What counts as a personal item is often just up to the whims of the gate staff. The percentage of flights operating at max capacity is on the rise and now with checked bag fees, more people are pushing the limits of what they can carry on, thus cabin space is at a premium. I took a trip last week and both directions had my bag (20" upright roll-a-board) gate checked because the space was gone with 50 people still left to board. BTW, sitting near the front of the plane with only carry-on luggage is the best...last on, first off, no baggage claim to deal with. 

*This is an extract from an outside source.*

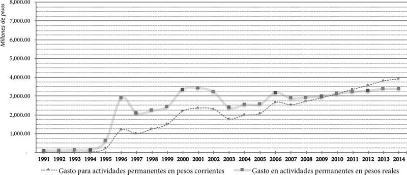 El financiamiento público federal para los partidos ha sido incrementado desde el año de 1991 (IFE, 1990; 1992; 1993; 1994a; 1994b; 1995; 1996; 1997; 2003; INE, 2015b) (Gráfico 7). Los gastos de campaña y la incorporación de más partidos elevaron los recursos disponibles desde 1996. Sorprendentemente, las elecciones presidenciales implicaban una erogación menor respecto de las intermedias. En 2004 fueron acortados los tiempos de campaña y; desde 2007 los participantes dejaron de contratar tiempos en radio y televisión. Se estableció un fondo común que se reparte entre los contendientes, sin importar su número (Chuayffet, 2002; Huchim, 2015, 2008). Así, el costo de las campañas se ha moderado (Gráfico 8), pero no así el gasto corriente de los partidos políticos (Gráfico 9).

I understand the need to carry photo gear aboard (I do it too, albeit with a lighter load), but sooner or later the carry-on rules are bound to be more strictly enforced.


----------



## epp_b (Nov 22, 2010)

Both the NG bag that I bought as well as my previous bag (which was even larger than my NG bag) are within the acceptable size limits for personal items.


----------



## Mathazzar (Nov 23, 2010)

Just FYI, I ended up going with their medium-sized 'walkabout' series. Saw the greenish ones in the store and was completely underwhelmed by the quality and padding. The grey walkabout series from NG seems much better put together. Would also like to pick up a Retrospective 20 (what an incredibly gorgeous bag!), from ThinkTank, at some point for a lighter day bag vs. a travel bag.

Thanks for the help!


----------